The Adeptus Astartes only engage enemy warships on favourable terms, if indeed at all. As has already been noted, battle barges were not built for naval engagements – they lack the long-ranged firepower of larger capital ships and the maneuverability of light cruisers. In void combat a battle barge will rely on its heavier armour to close with enemy ships and launch devastating boarding actions. As it closes, a battle barge can use the weapons batteries that stud much of its hull to rake the enemy with fire. Rank upon rank of plasma projectors, macro-laser cannons, missile racks and fusion beamers fire in diffuse salvos, a co-ordinated pattern of shots designed to strip a target’s shields and overwhelm its close-range defences. With its shields down, an enemy vessel is left open to a teleport assault. Few ships can survive such an attack, the swift wrath of a squad of Space Marines stalking their corridors and attacking critical systems. It is because of this that an enemy captain will do everything in his power to try and prevent a battle barge from drawing too near to his vessel.

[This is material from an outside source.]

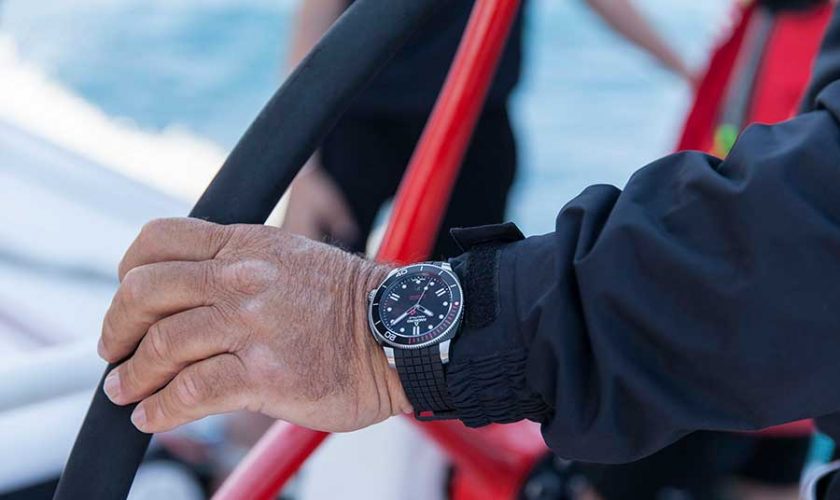 The new Nautilo Sailing Edition has the same red and black colour scheme as the yacht and comes with a black aluminium bezel and a cushion-shaped case made of steel with DLC coating. Rugged and able to withstand water and harsh conditions. Proof of this is delivered the day after the presentation when Lionel Péan and the SFS II leave the tower of Notre-Dame de la Garde behind and head straight for the open waters of the Mediterranean. The 70-foot yacht is at home here, and the Nautilo feels equally comfortable. The watch is a modern reinterpretation of the renowned Anonimo diver’s watches that were designed by military engineer Dino Zei. The most striking characteristic is the crown at 4 o’clock, which many divers feel is the ideal ergonomic position. The latest version of the 44.4mm Nautilo has an updated case design that is water resistant to 200m and the crown protector has been redesigned as well. The case back is made of hypoallergenic titanium and the bezel is unidirectional for safety, as we have come to expect in professional diver’s watches. The automatic Anonimo movement was made in Switzerland and is based on the Sellita SW 200-1 calibre. There is a choice of a rubber or NATO strap; both are sporty, functional and stylish.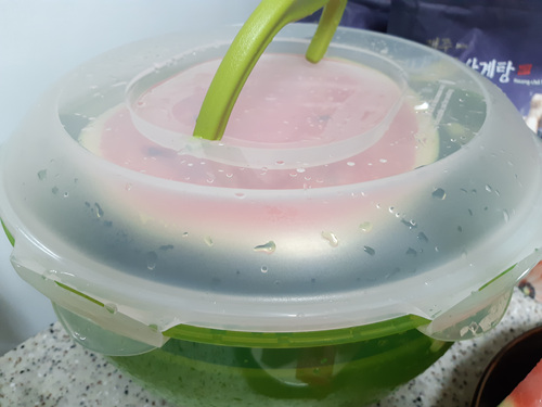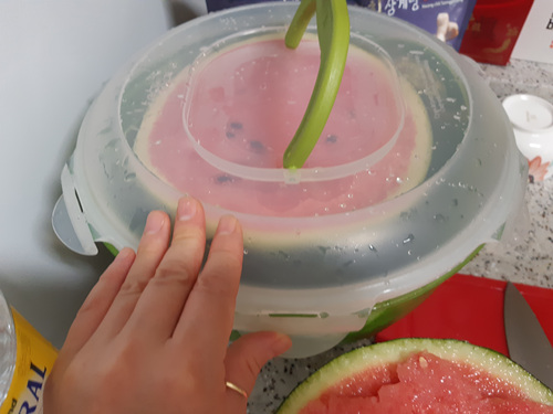 남은 수박은 이렇게 통에 보관하면 위생상 너무 좋구요. 물론 냉장고 내 음식냄새가 수박에 배이는 것을 막아주니 더 좋구요.

If this form of close-range attack is untenable or proves ineffective, a battle barge can always fall back on its bombardment cannons. While their primary purpose is as orbital support weapons, they can be used to great effect against enemy warships. Though they lack the range of lance batteries and the fast reload times of standard ship-to-ship weapons, they more than make up for it in raw killing power. When magma shells impact upon another ship, they do not crash down through their hulls as they might with a planet’s surface. Instead, they break upon contact, erupting outwards, broiling over the surface of a vessel to strip away its plating and shred its battlements. The immense heat and shrapnel from the resultant explosion confuses automated defence turrets and sensors, allowing the Thunderhawk gunships and boarding torpedoes launched from the battle barge to close unharmed. A series of concurrent blasts is enough to knock an enemy ship off course, and a sustained assault from a bombardment cannon can cripple and blast apart even the largest of capital ships.
Although most Space Marine Chapters have a fortress monastery housed on a moon or world, many do not. These Chapters have been forced into the void by war or cruel circumstance as space faring fleets. To these Chapters, battle barges play an even more important role, forming bastions that carry the Chapter’s legacy and a haven when pressed. Several Chapters are rumoured to possess even larger vessels adapted from the battle barge, or built by some other means.
As of 999.M41, the following Chapters are known to be almost entirely fleet-based, though this record is doubtless incomplete: Imperial Fists, Black Templars, Executioners, Black Dragons, Invaders, Charnel Guard, Minotaurs, Fire Hawks, Lamenters, Mantis Warriors, Relictors, Scythes of the Emperor, Knights of Gryphonne.